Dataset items
•••••

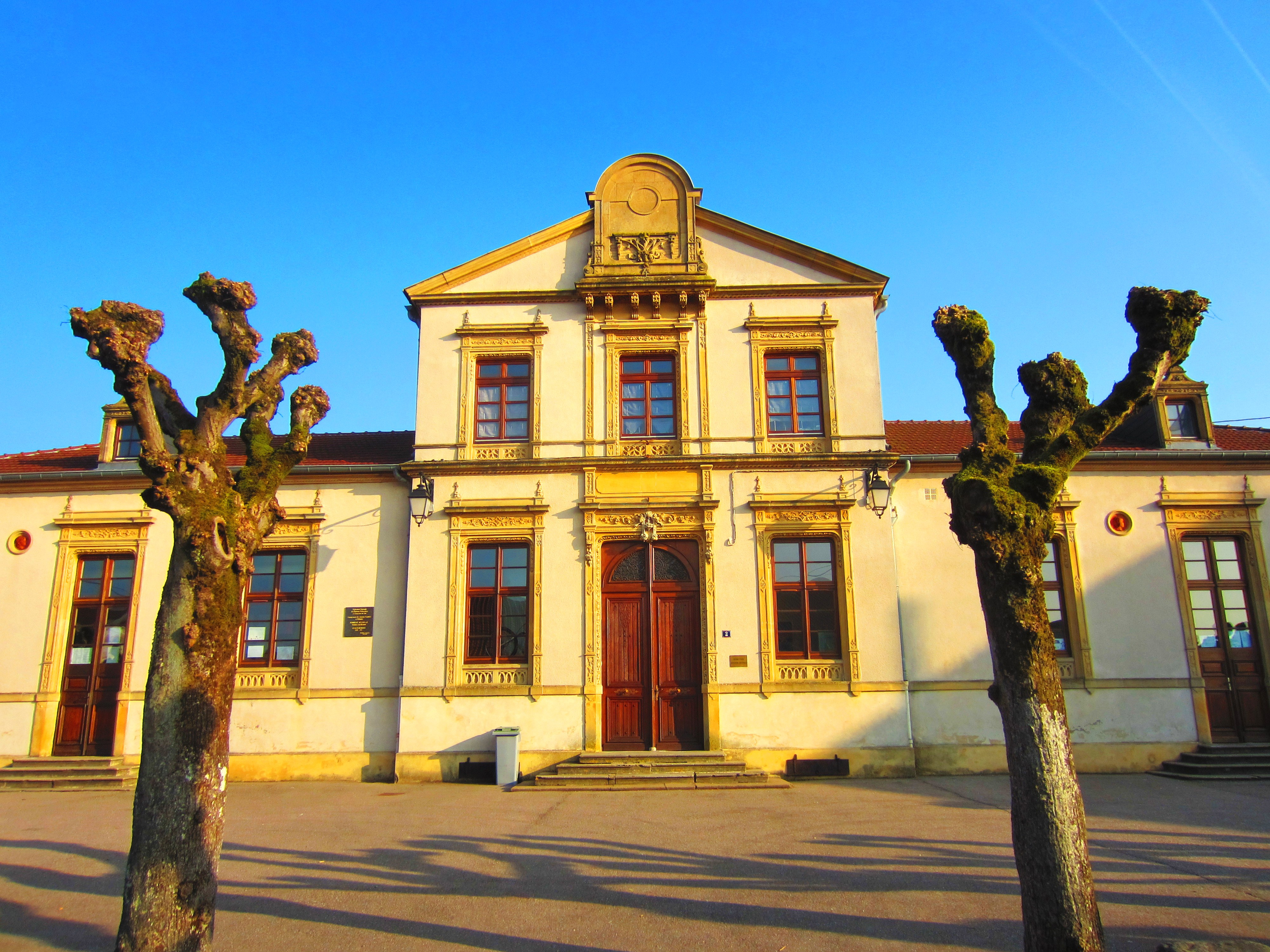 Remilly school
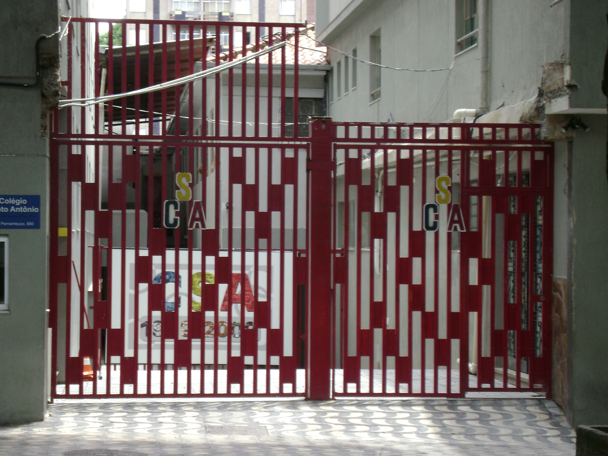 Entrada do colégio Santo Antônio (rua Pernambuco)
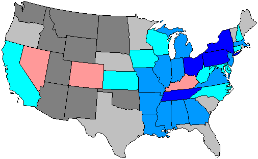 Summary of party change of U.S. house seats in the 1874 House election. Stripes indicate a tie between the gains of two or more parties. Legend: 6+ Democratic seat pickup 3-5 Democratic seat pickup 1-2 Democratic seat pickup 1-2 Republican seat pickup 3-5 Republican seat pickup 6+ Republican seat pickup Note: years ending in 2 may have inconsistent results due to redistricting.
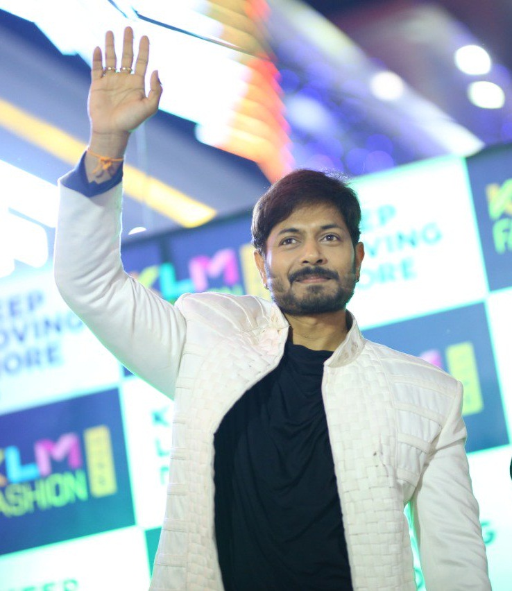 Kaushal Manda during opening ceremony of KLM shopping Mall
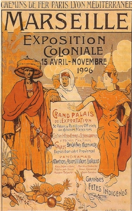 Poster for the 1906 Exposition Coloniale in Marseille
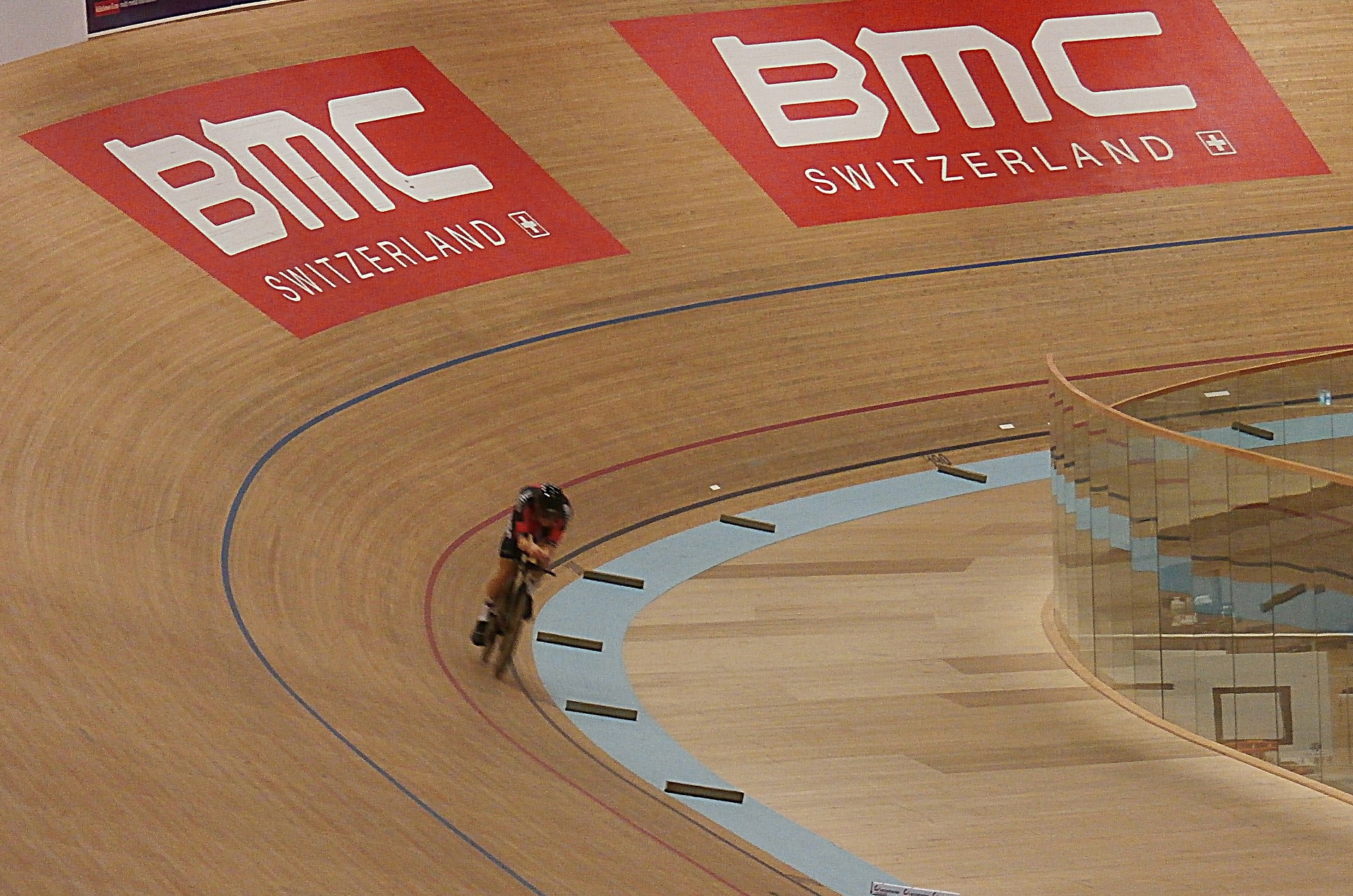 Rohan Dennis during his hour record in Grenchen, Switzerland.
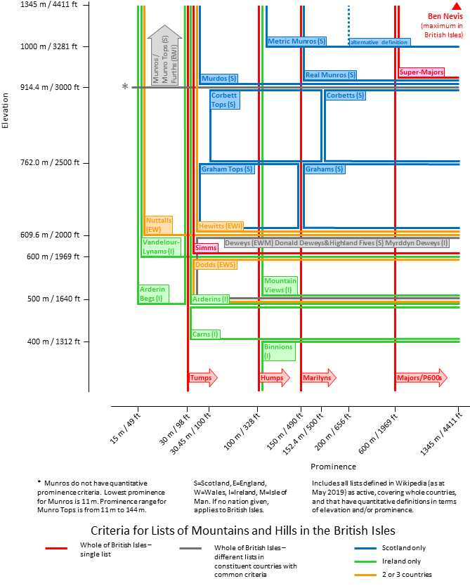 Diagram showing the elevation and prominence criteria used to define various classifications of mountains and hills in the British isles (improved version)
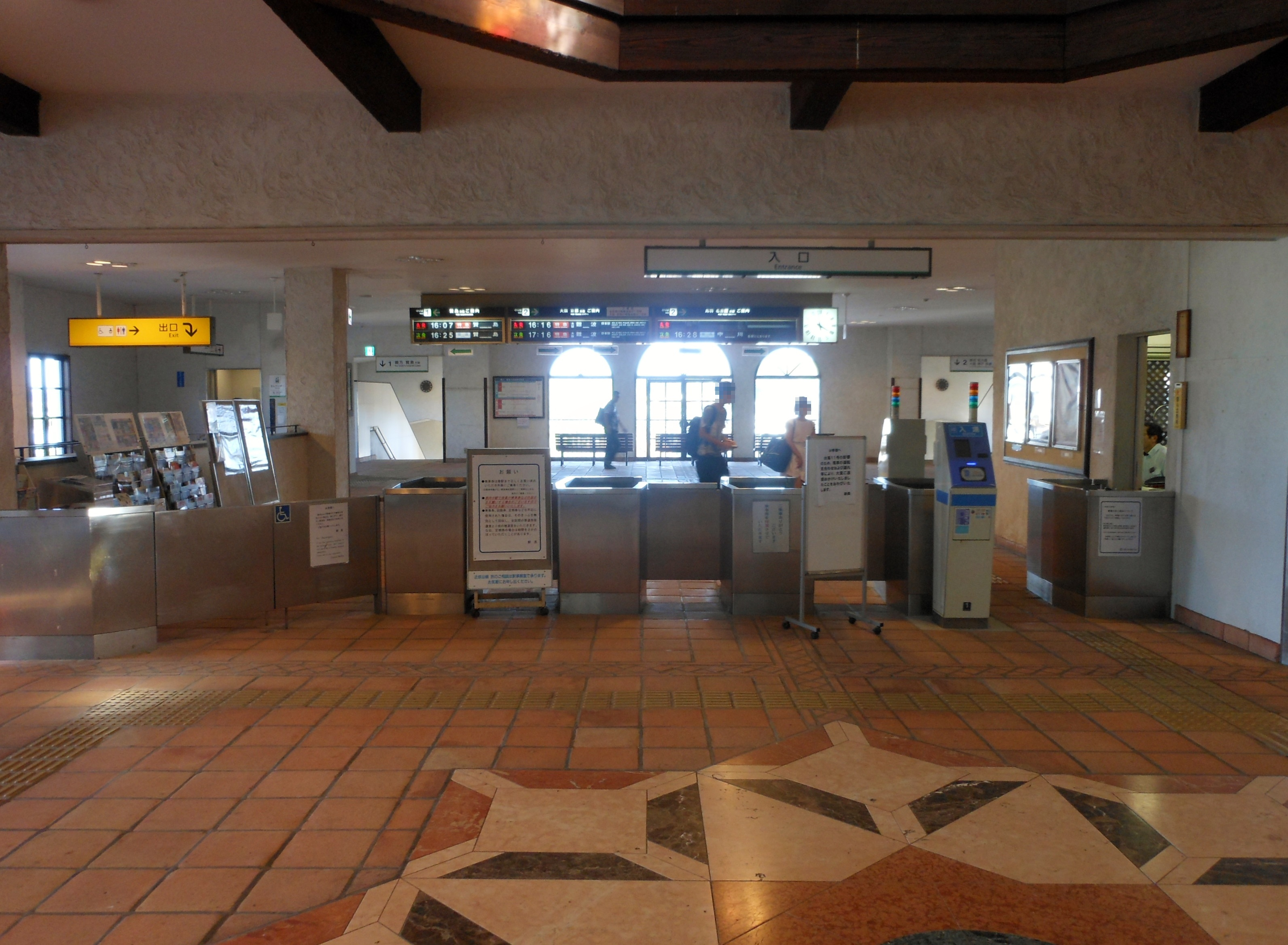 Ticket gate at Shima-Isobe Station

•••••

Return the records above in their entirety, word for word, with the pictures removed.

 Remilly school
 Entrada do colégio Santo Antônio (rua Pernambuco)
 Summary of party change of U.S. house seats in the 1874 House election. Stripes indicate a tie between the gains of two or more parties. Legend: 6+ Democratic seat pickup 3-5 Democratic seat pickup 1-2 Democratic seat pickup 1-2 Republican seat pickup 3-5 Republican seat pickup 6+ Republican seat pickup Note: years ending in 2 may have inconsistent results due to redistricting.
 Kaushal Manda during opening ceremony of KLM shopping Mall
 Poster for the 1906 Exposition Coloniale in Marseille
 Rohan Dennis during his hour record in Grenchen, Switzerland.
 Diagram showing the elevation and prominence criteria used to define various classifications of mountains and hills in the British isles (improved version)
 Ticket gate at Shima-Isobe Station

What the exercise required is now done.